═════ Source material ═════

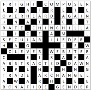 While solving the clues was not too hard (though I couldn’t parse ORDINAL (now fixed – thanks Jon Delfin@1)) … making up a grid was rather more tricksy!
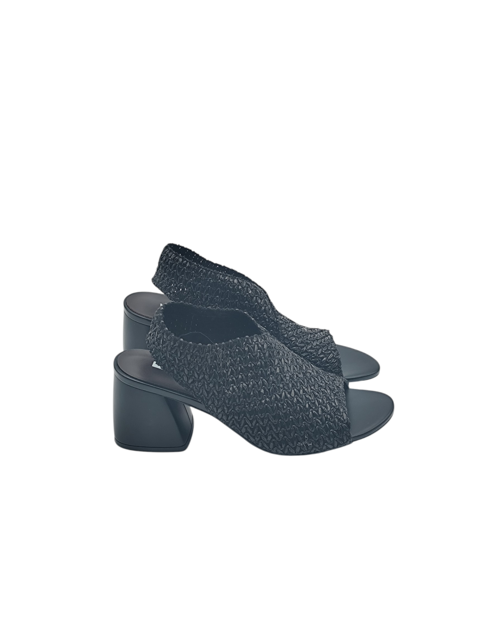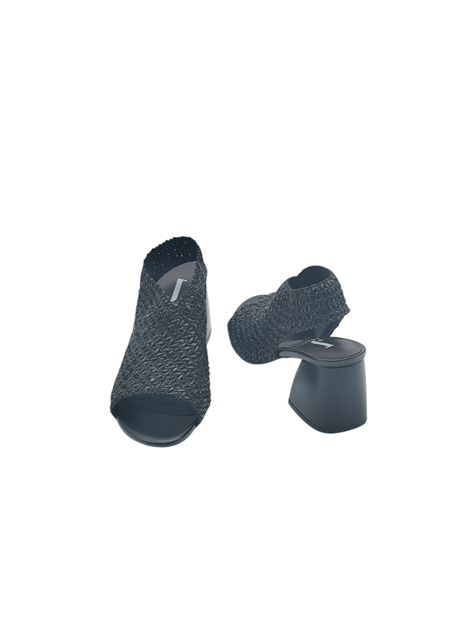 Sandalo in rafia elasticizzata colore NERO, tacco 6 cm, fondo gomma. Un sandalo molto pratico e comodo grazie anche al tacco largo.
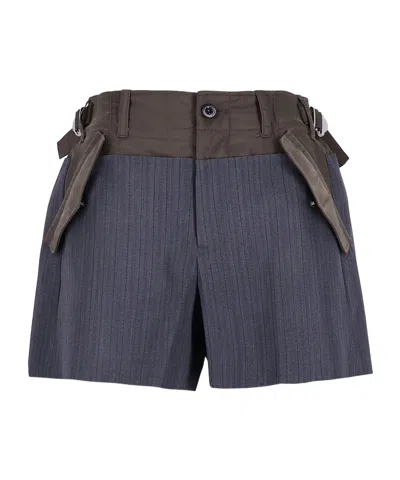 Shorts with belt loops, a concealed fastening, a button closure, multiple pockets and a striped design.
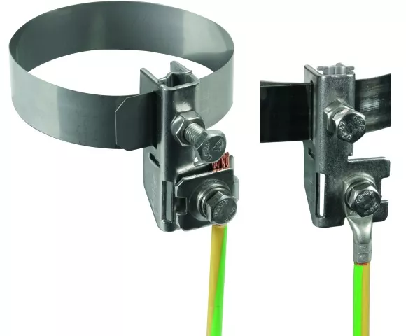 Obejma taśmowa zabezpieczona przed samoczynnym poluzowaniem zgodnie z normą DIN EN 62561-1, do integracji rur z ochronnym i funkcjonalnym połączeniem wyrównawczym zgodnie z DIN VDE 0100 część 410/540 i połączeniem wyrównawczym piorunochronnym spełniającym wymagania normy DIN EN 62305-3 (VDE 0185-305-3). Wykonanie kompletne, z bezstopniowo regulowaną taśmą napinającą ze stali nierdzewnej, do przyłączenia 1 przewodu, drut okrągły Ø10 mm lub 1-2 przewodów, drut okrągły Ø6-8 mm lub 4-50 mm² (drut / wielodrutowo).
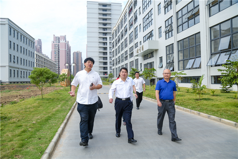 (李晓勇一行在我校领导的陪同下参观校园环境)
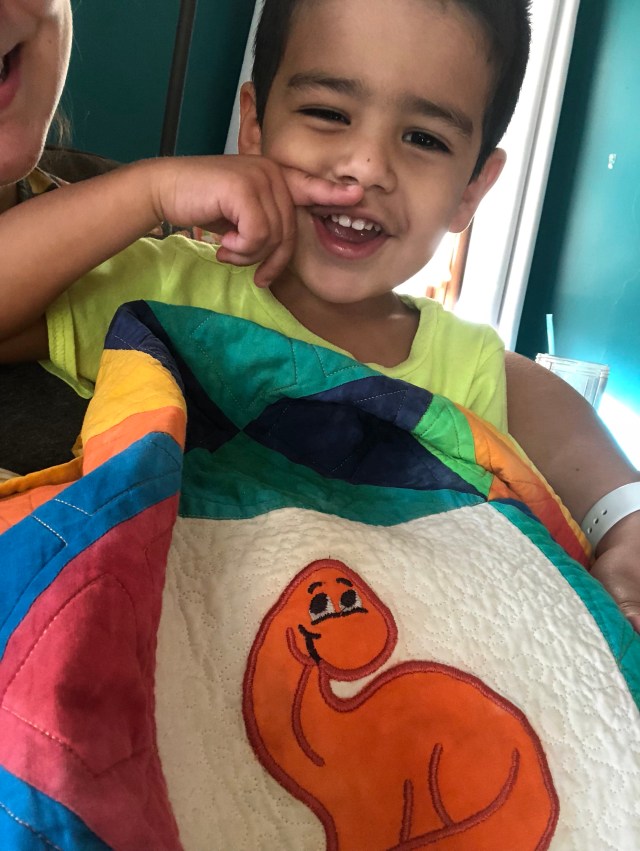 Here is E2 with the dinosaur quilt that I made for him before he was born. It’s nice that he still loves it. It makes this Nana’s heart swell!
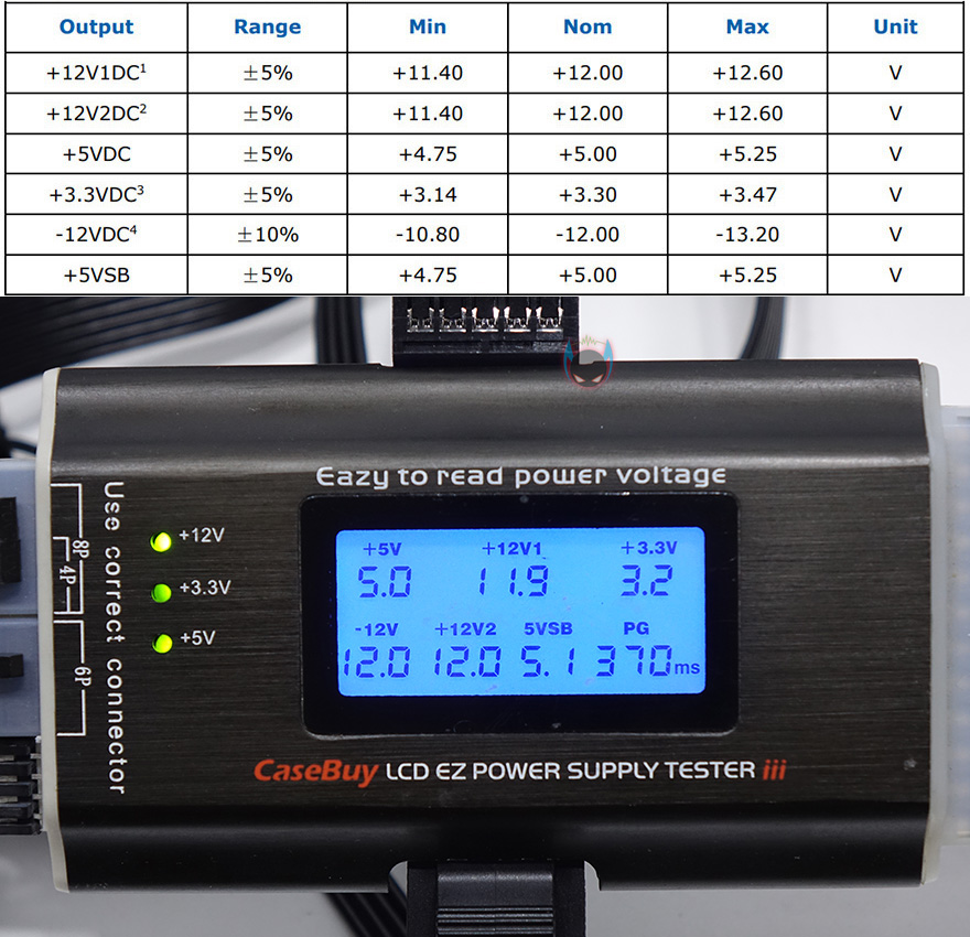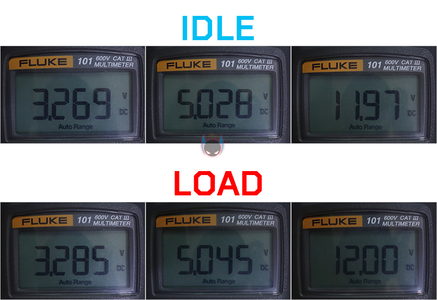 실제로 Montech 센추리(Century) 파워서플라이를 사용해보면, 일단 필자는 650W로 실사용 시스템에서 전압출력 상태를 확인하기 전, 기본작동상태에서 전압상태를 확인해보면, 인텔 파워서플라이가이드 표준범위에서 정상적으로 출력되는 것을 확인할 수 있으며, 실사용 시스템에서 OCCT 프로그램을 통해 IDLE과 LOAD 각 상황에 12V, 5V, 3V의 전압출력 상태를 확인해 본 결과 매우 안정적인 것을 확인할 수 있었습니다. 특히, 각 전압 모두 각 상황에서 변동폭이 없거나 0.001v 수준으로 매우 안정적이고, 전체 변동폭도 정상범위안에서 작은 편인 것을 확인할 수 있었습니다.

═════
═════ Source material ═════

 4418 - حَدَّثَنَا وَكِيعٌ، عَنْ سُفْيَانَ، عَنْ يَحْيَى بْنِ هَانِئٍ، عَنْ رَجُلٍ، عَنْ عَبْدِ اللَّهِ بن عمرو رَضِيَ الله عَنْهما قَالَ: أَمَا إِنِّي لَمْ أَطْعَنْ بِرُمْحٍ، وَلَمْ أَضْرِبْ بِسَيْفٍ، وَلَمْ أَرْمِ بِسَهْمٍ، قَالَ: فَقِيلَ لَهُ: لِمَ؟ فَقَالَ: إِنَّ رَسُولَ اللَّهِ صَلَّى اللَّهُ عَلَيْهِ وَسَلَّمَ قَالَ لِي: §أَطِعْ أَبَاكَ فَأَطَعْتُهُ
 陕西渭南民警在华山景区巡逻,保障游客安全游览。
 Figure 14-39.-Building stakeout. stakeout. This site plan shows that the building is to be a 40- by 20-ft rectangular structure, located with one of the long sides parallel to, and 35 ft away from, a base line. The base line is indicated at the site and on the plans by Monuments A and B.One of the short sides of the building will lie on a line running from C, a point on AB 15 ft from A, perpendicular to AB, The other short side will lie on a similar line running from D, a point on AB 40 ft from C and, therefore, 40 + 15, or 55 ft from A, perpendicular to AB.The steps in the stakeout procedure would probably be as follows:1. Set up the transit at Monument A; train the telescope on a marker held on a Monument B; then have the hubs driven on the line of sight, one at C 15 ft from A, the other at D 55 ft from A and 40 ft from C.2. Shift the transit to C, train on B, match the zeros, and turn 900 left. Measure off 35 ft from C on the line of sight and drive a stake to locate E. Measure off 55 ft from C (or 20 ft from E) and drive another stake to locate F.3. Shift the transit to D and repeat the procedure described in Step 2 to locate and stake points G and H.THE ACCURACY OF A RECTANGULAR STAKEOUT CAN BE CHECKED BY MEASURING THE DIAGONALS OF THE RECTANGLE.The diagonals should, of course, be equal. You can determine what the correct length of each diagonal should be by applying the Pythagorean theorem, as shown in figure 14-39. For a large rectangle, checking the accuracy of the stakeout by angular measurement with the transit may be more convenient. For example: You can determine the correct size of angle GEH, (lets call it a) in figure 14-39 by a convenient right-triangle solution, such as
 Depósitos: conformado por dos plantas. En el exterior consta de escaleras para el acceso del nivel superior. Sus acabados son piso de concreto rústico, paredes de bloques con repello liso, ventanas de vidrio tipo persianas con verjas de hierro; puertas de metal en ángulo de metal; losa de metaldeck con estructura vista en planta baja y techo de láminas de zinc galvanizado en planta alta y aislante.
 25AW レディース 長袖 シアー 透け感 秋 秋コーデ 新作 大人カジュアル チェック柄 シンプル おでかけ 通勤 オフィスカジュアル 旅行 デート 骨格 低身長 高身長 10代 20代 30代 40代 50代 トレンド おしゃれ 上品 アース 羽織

═════

● **What you need to do**: Above are records; repeat only the lines from the line with "Obejma taśmowa zabezpieczona" through the line with "실제로 Montech 센추리(Century)", and leave pictures out.

● **Answer section**:
 Obejma taśmowa zabezpieczona przed samoczynnym poluzowaniem zgodnie z normą DIN EN 62561-1, do integracji rur z ochronnym i funkcjonalnym połączeniem wyrównawczym zgodnie z DIN VDE 0100 część 410/540 i połączeniem wyrównawczym piorunochronnym spełniającym wymagania normy DIN EN 62305-3 (VDE 0185-305-3). Wykonanie kompletne, z bezstopniowo regulowaną taśmą napinającą ze stali nierdzewnej, do przyłączenia 1 przewodu, drut okrągły Ø10 mm lub 1-2 przewodów, drut okrągły Ø6-8 mm lub 4-50 mm² (drut / wielodrutowo).
 (李晓勇一行在我校领导的陪同下参观校园环境)
 Here is E2 with the dinosaur quilt that I made for him before he was born. It’s nice that he still loves it. It makes this Nana’s heart swell!
 실제로 Montech 센추리(Century) 파워서플라이를 사용해보면, 일단 필자는 650W로 실사용 시스템에서 전압출력 상태를 확인하기 전, 기본작동상태에서 전압상태를 확인해보면, 인텔 파워서플라이가이드 표준범위에서 정상적으로 출력되는 것을 확인할 수 있으며, 실사용 시스템에서 OCCT 프로그램을 통해 IDLE과 LOAD 각 상황에 12V, 5V, 3V의 전압출력 상태를 확인해 본 결과 매우 안정적인 것을 확인할 수 있었습니다. 특히, 각 전압 모두 각 상황에서 변동폭이 없거나 0.001v 수준으로 매우 안정적이고, 전체 변동폭도 정상범위안에서 작은 편인 것을 확인할 수 있었습니다.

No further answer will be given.